6. The alcohol-water mixture-operated hybrid turbofan (9) engine (1) as claimed in Claim 1, 2 and 3, in addition to comprising: brushes (27) which connect the AC network with slip rings (26) mounted to the front tube (6f) of the casing (6c) of the stator (6) of the induction motor/generator (2) which is rotatably mounted on the tubular shaft (5) extending from the rotor (3), a propeller (30) of airplane, helicopter, boat, vessel or submarine which is mounted outside the engine on the front part of tubular shaft (5) extending from the squirrel-cage rotor (3) of the induction motor/generator (2), characterized in that the casing (6c) of the stator (6) of the induction motor/generator (2) and the outer casing (10) which are coupled together through blades (9d) of the air fan/compressor (9a) and blades (7a), (8a) of the inner and outer impeller/turbine (7), (8) mounted on their round plates (7p), (7s) are rotatably mounted on the tubular shaft (5) extending from the squirrel-cage rotor (3) of the induction motor/generator (2), and in that the squirrel-cage rotor (3) of the induction motor/generator (2) through its tubular shaft (5) is rotatably mounted to the radial arms of the stationary casing (11) rotating inside the stator casing (6c) of the induction motor/generator (2), and in that the superheater (20) which is mounted on the tubular shaft (5) extending from the rotor is through the tubular shaft (5) rotatably mounted to the radial arms of the stationary casing (11) rotating inside the casing (20c) of the superheater (20), and in that the propeller (30) of an airplane, helicopter, boat, vessel or submarine is mounted outside the engine (1) on the front part of rotatable tubular shaft (5) extending from the squirrel-cage rotor (3) of the induction motor/generator (2) and therefore rotates at lower speed in contrast to the relative speed between the rotatable stator (6) and the rotatable rotor (3).

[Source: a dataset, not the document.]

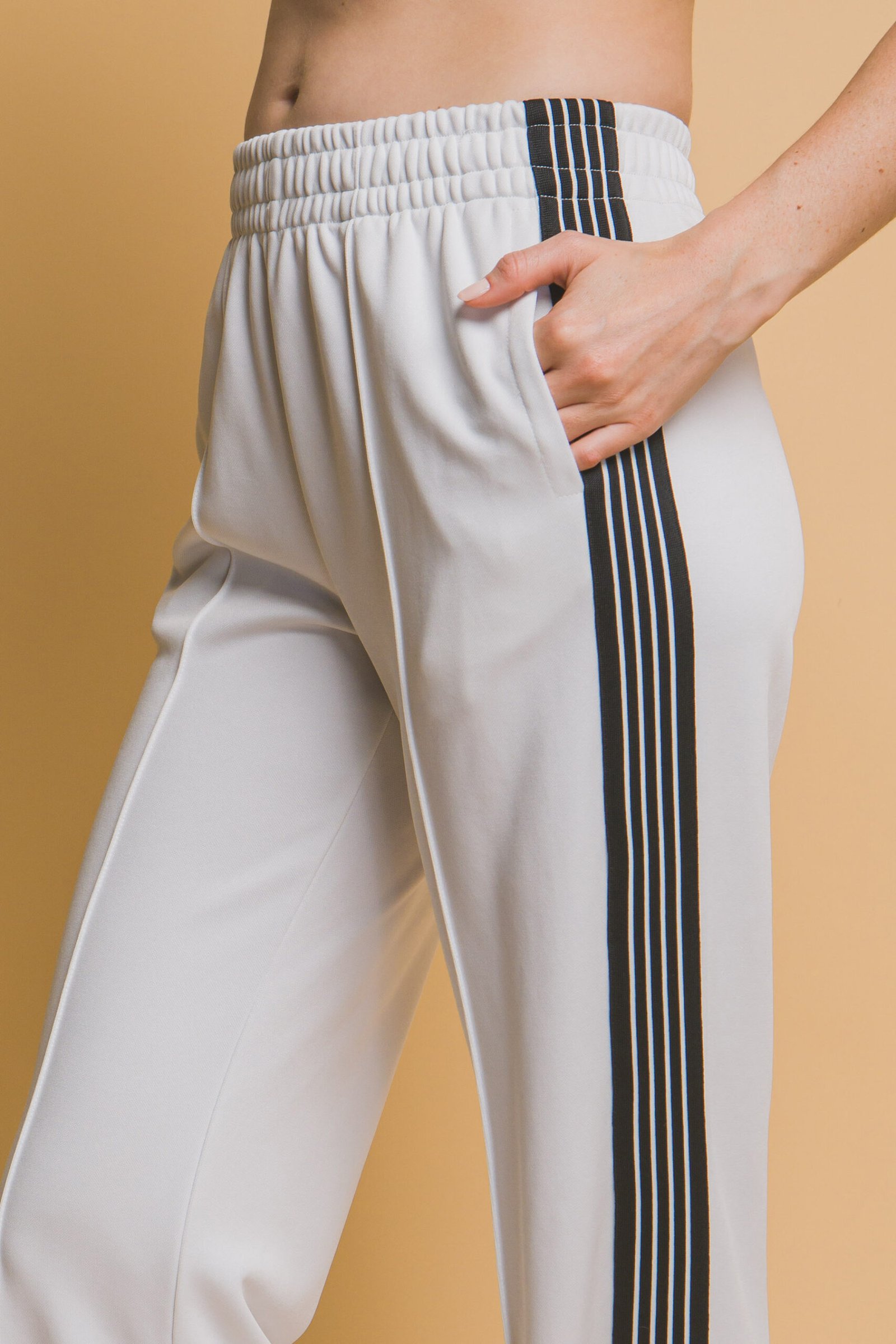 • Rayas verticales en azul claro y blanco que estilizan la figura.

7. The alcohol-water mixture-operated hybrid turbofan (9) engine (1) as claimed in Claim 1-3, 4 or 5 or 6, in addition to comprising: an inner extra squirrel cage (31) which bars (31b) of high resistance are incorporated in the rotor core (3k) of a single or double-cage squirrel rotor (3) of the induction motor/generator (2), a number of holes (3d) through the inner cylindrical or CD-shaped sections (3s) which are made parallely to the axis, characterized in that the bars (31 b) of high resistance of the inner extra squirrel cage (31) which are incorporated in the core (3k) of the rotor (3) of the single or double squirrel-cage rotor (3) of the induction motor/generator (2) act as a heating element powered on induced current due to slip relative to the rotating magnetic field of AC current from the AC network heating the working fluid inside the cavities (4) of the rotor (3) generating superheated working fluid and evaporating cooling the core of the rotor (3).

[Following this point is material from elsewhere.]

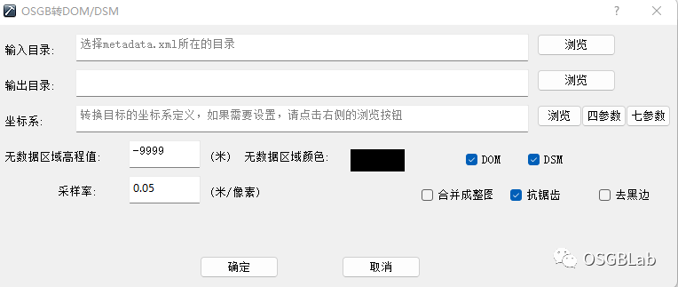 然后点击OSGB转DOM DSM打开以下界面:

8. The alcohol-water mixture-operated hybrid turbofan (9) engine (1) as claimed in Claim 1-3, 4 or 5 or 6 or 7, in addition to comprising: an extra generator (32) which stator (32s) having poles (32p) wound with windings (32w) is mounted to the front inner pail of the casing (6c) of the stator (6) of the induction motor/generator (2), a permanent magnet rotor (33) mounted on the tubular shaft (5) extending from the squirrel-cage rotor (3) of the induction motor/generator (2), an electrical wire connection (34) which connects windings (6w), (32w) of stator (6s), (32s) of the induction motor/generator (2) and the extra generator (32), characterized in that the permanent magnet rotor (33) of the extra generator (32) mounted on the tubular shaft (5) extending from the squirrel-cage rotor (3) of the induction motor/generator (2) generates AC current in the windings (32w) on the stator (32s) of the extra generator (32) on the casing (6c) of the stator (6) supplying the windings (6w) on the stator (6s) of the induction motor/generator (2) instead of AC current from the AC network through the electrical wire connection (34).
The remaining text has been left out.